Archives Discussions

ekondis · ‎01-23-2016

Hello,

I'm doing some tests with a kernel that makes intensive use of multiply-add operations on double precision using a GCN GPU (i.e. R9-380X). The operations are not translated to multiply-add instructions but rather as separate multiplication and addition instructions. When the kernel is built using the -cl-mad-enable option the generated instructions are multiply-additions as intended in the first place. Why doesn't the compiler use multiply-addition instructions without using the aforementioned option? Isn't the multiply-addition instruction compliant with the IEEE-754 standard?

Thanks.

rampitec · ‎03-19-2016

Oh, I see what you mean. There are two kinds of fused multiply add operations: fma and mad/mac. Mad/mac are only available as f32 and yield exactly the same result as separate multiply and add. In turn fma can be f32 and f64 and has higher accuracy than separate operations.
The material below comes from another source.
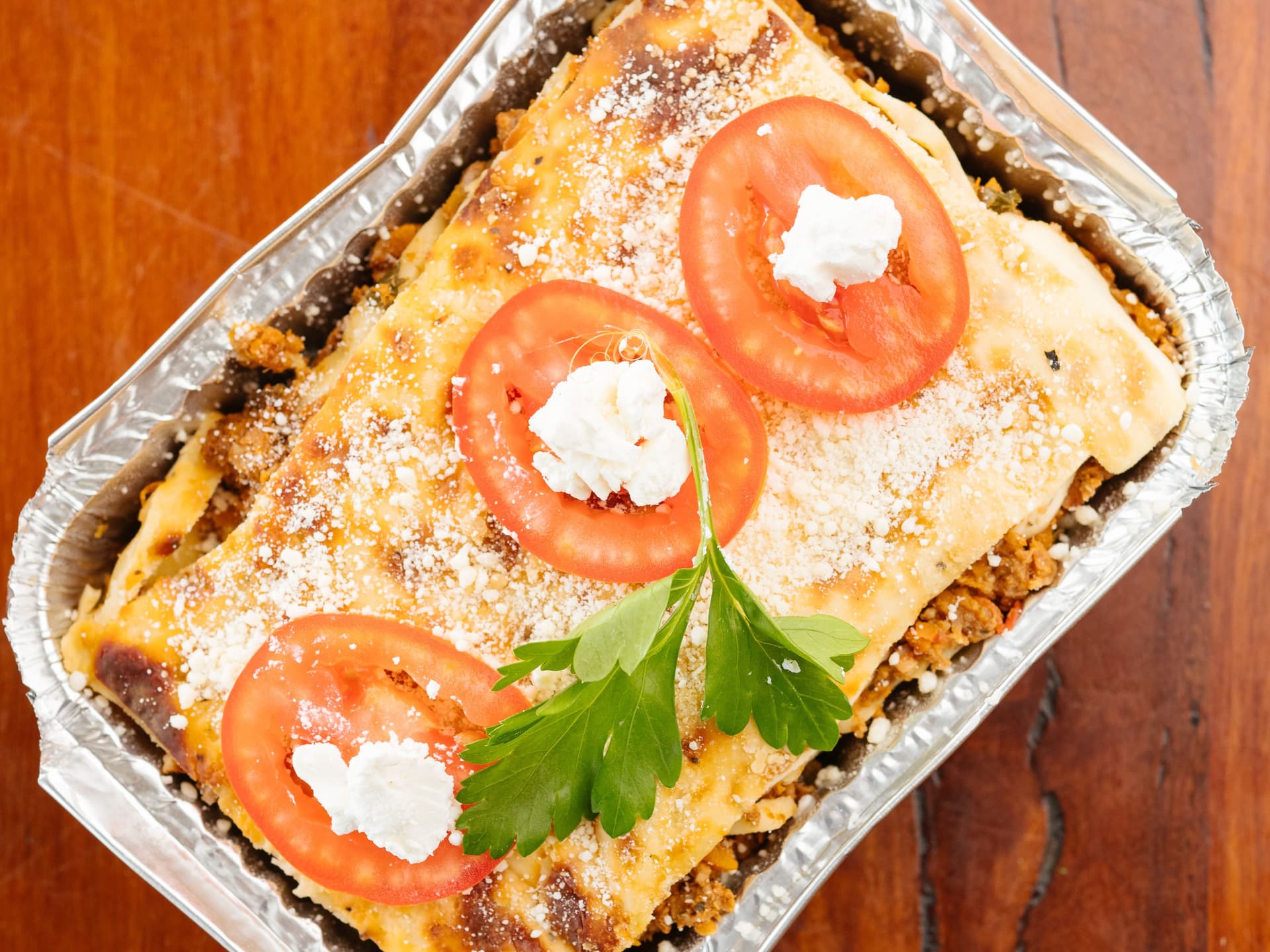 Our lasagne consists of layers of pasta, hearty beef ragu sauce with a creamy bechamel on top.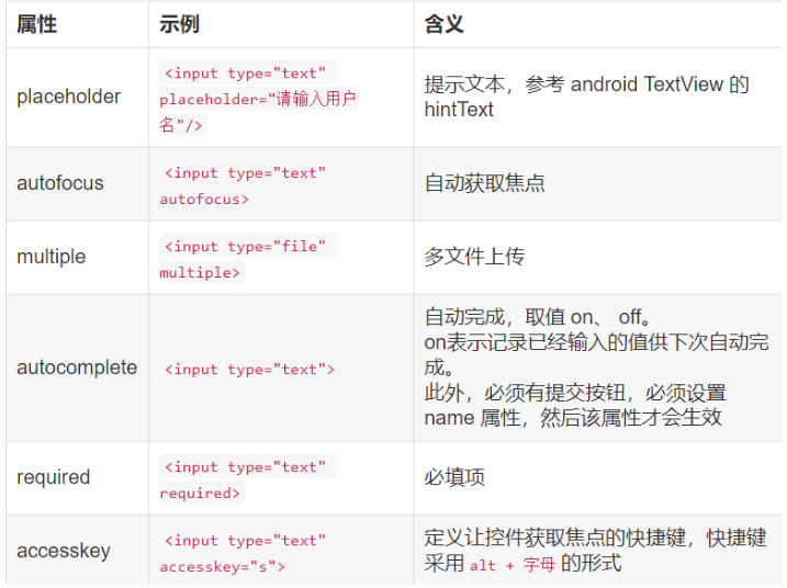 <!DOCTYPE html> <html lang="en"> <head> <meta charset="UTF-8"> <title>newInputAttr</title> </head> <body> <form action="form.html"> <input type="text" placeholder="请输入用户名"/> <br/> <br/> <!--可以简化为 <input type="text" autofocus/> --> <input type="text" autofocus="autofocus" placeholder="自动获取焦点"/> <br/> <br/> <input type="file" multiple/> <br/> <br/> <input type="text" autocomplete name="identify" placeholder="下次自动补足输入内容"/> <br/> <br/> <!--在火狐浏览器中,如果没有输入内容,点击输入框外部区域,边框会变红--> <input type="text" required placeholder="这是必填项"/> <br/> <br/> <input type="text" accesskey="s" placeholder="获取焦点的快捷键为 alt+s"/> <br/> <br/> <input type="submit"/> </form> </body> </html>

If you are using fma you may not get exactly the same result as if you do not. Then on some parts fma is also slower. Therefor mad/mac are generated by the compiler automatically for single precision, but fma for double precision only upon request.

View solution in original post

rampitec · ‎03-15-2016

FMA instruction is IEEE compliant. Even though -cl-mad-enable does not mandate compiler to use fma, in practice it should do so when it can see an opportunity provided the option.

Could you please share driver version you are using (clinfo command output) and full list of options supplied to the compiler?

Please also check that SW does not cache compiled binary and the recompilation actually happens with the new option supplied.

Also, how did you check you have no fma instructions generated?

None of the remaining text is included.